Pensieri che sono tonfi sordi: Roglič che cerca di sorprendere Evenepoel al traguardo volante ma viene sorpreso e finisce secondo. Si volta verso il gruppo: «Pure qui sprinta adesso? Che facciamo?». Dice così, con gli occhi, con la gestualità. Quelli di Almeida, di quella bici danneggiata su cui si sforza di continuare a pedalare. Pensieri che sono aghi che trafiggono un cartone: Pedersen che, dopo aver fatto lavorare la squadra, si ritrova in coda al gruppo, di poco staccato, in vetta al Gran Premio della Montagna. Sono aghi che trafiggono perché arrivano e se ne vanno: in un momento, c’è la delusione ed il senso di colpa, nell’altro un respiro a pieni polmoni e le gocce di pioggia che, invece che dare fastidio, rinvigoriscono. Basta trovare una pedalata più rotonda delle altre, rientrare, e ci si sente di nuovo bene.
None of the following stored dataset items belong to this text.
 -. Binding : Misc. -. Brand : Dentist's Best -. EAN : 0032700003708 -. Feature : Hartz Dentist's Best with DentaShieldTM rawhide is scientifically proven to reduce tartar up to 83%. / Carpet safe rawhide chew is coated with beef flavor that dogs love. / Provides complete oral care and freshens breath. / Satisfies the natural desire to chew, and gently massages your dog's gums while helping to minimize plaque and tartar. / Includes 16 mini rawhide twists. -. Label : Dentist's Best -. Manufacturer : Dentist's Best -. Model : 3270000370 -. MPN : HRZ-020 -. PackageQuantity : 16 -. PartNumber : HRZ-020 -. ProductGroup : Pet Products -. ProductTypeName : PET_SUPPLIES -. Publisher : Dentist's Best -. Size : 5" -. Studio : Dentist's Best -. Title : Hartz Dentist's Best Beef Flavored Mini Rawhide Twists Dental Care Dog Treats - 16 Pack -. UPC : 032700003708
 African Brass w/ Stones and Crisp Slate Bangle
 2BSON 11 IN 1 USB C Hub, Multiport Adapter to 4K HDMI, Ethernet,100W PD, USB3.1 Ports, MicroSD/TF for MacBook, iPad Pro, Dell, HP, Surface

Alcuni pensieri stridono come un gesso su una lavagna: la bicicletta che, a causa dei cambi di asfalto, in discesa verso Melfi, sembra lasciarti. Resti in piedi, ma, alla curva dopo, tiri i freni, ricordi quella sensazione e ti prende il timore: «Se cado, siamo solo alla terza tappa, fra poco iniziano le salite». Una sfilza di pensieri negativi. Sono pensieri fastidiosi perché ingabbiano la libertà di improvvisare in sella e di scendere a tutta, per una volta senza fatica. Rumori che sono suoni, inizi di suono, prime note: Pinot che conquista i punti per la maglia azzurra e scatta per essere sicuro di vestirla stasera. La sua è una ripartenza, da molto tempo, e le ripartenze hanno questo di bello: non finiscono, sono un inizio continuo.
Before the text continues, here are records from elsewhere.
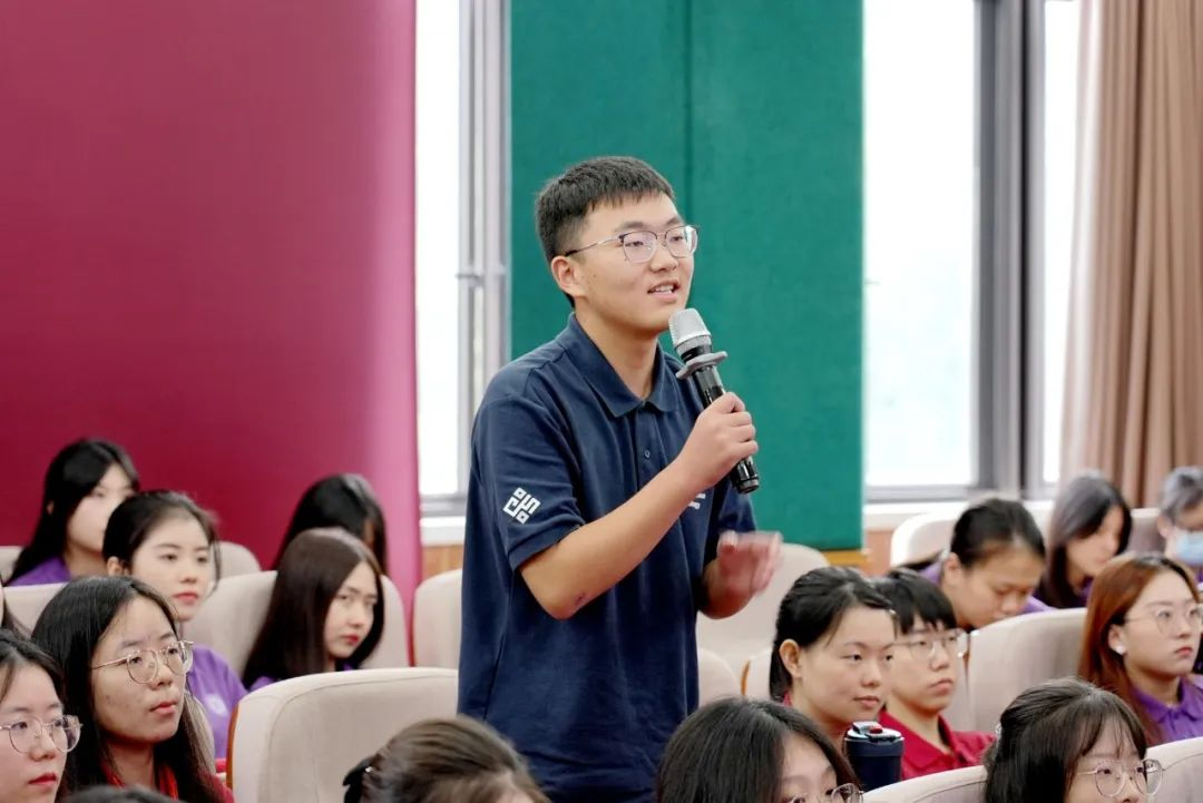 在交流环节,线下会场的同学们踊跃提问,师生展开交流。针对“如何将师范学习融入专业学习”、“如何成为拔尖型科技创新人才”、“如何讲好师大故事”、“怎样在实际行动中践行校训精神”等问题,梅兵为大家答疑解惑,分享自己的观点与建议。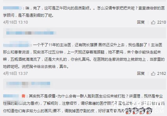 作为打着医疗剧的名号做宣传,号称专业的职业剧,第一集就暴露出很多医学错误。让观众质疑,合着医疗剧只剩下医闹?护士医生上班就穿高跟鞋,西装,连头发也不理下?剧情连基本的专业都没做到位,却还想体现医生这个职业。这就是网友们吐槽的重点。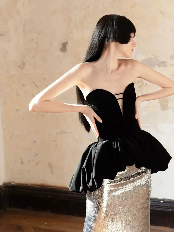 This stunning silver sequin mermaid dress features a sweetheart neckline and a strapless, sleeveless design, perfect for making a glamorous entrance. Its long silhouette highlights the figure elegantly, combining sparkle with sophistication for prom or special occasions. Crafted to enhance confidence and style, this dress is a standout choice for memorable nights and festive celebrations.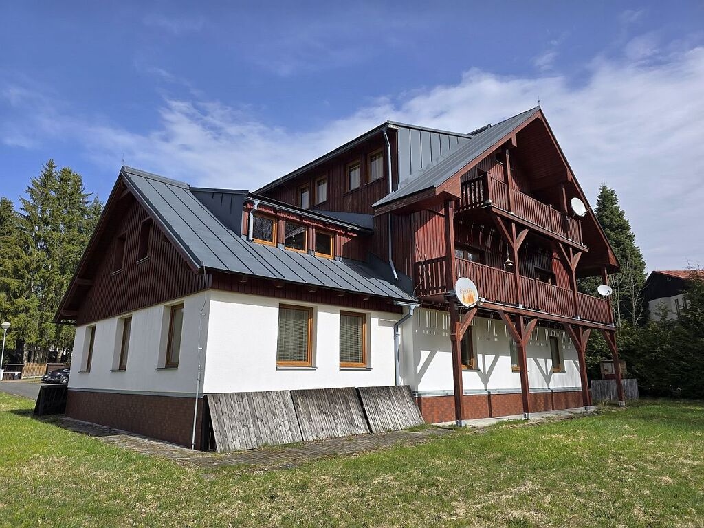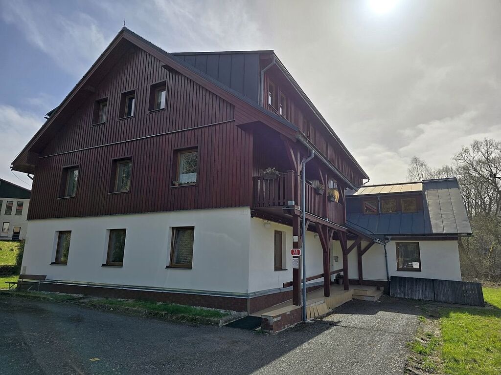 Prostorný byt se nachází v prvním nadzemním podlaží typického horského domu na klidném místě Železné Rudy.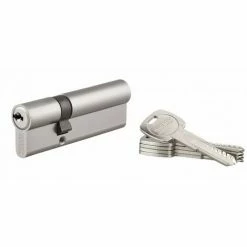 Profil européen laiton. Mécanisme à 6 goupilles contre le crochetage. Protection contre le perçage par aiguille et 1ère goupille en acier trempé. Panneton anti arrachement. Fonction urgence Panneton débrayable : ouverture possible de l’extérieur même si une clé est restée à l’intérieur (sauf conditionnement en boite). 5 clés plates réversibles laiton nickelé avec carte de propriété.

Pensieri-frastuono: quelli di Pedersen, Groves e Albanese che erano lì a giocarsela e ci hanno creduto perché la linea del traguardo continuava ad avvicinarsi senza arrivare mai. Quelli di Matthews, invece, sono pensieri-silenzio, al massimo pensieri-grido: volata lunga, vittoria, soddisfazione, la prova che va bene, che, da stasera, al Giro sembrerà tutto più facile, anche quando sarà più difficile. Almeno per qualche giorno. Basta un attimo di felicità, è semplice la regola.
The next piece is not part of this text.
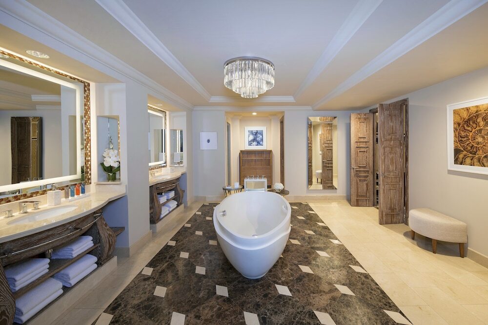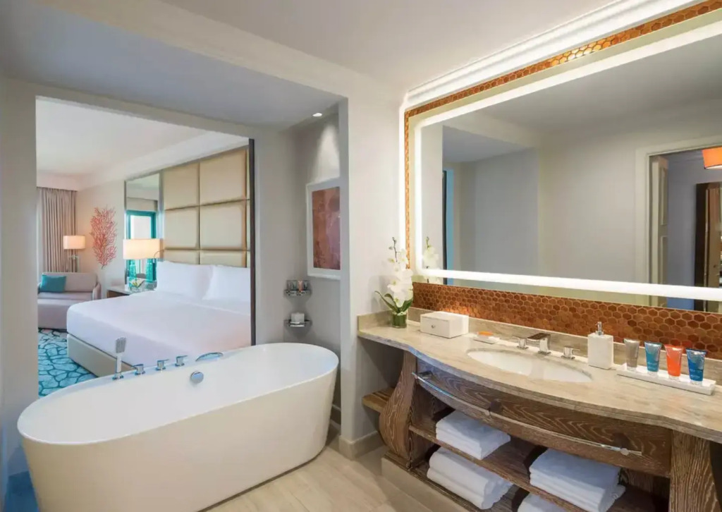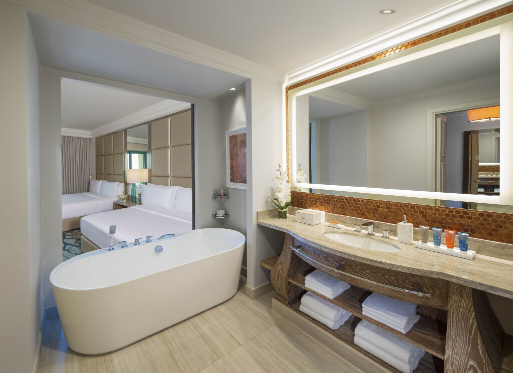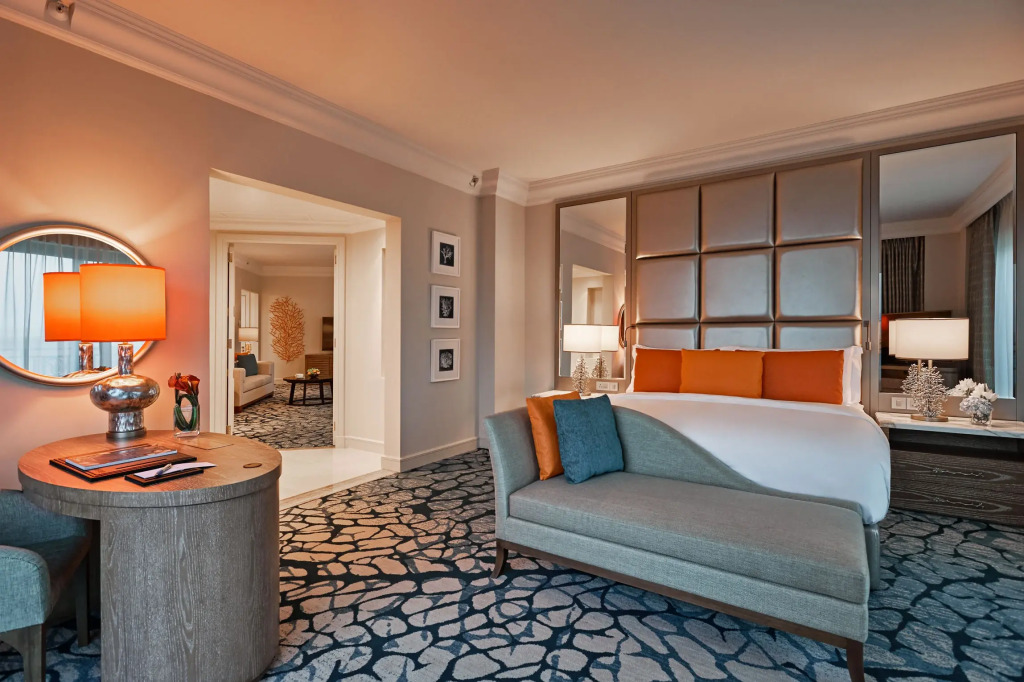 В отеле можно забронировать один из 1373 обычных номеров и еще 166 многокомнатных люксов, из окон которых открываются панорамные виды на остров или залив. Они оформлены в роскошном и элегантном восточном стиле и оснащены по самым современным стандартам.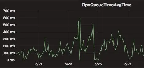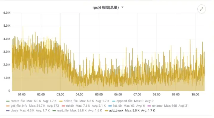 对于全量 checkpoint 来说,TM 将每个 checkpoint 内部的数据都写到同一个文件,而对于 RocksDBStateBackend/NiagaraStateBackend 的增量 checkpoint [2]来说,则会将每个 sst 文件写到一个分布式系统的文件内。当作业量很大,且作业的并发很大时,则会对底层 HDFS 形成非常大的压力:1)大量的 RPC 请求会影响 RPC 的响应时间(如下图所示);2)大量文件对 NameNode 内存造成很大压力。

Avremmo potuto sentire tutto questo, ne siamo certi. Non potendo sentirlo, abbiamo ascoltato ciò che c’era, abbiamo guardato le cose, i tetti, le strade, le maglie, le biciclette, gli scatti, le cadute. Le braccia alzate e la vittoria, la testa bassa e la sconfitta. La gara, insomma. Il Giro. Il resto, alla fine, lo sappiamo, perché quei rumori li abbiamo tutti dentro.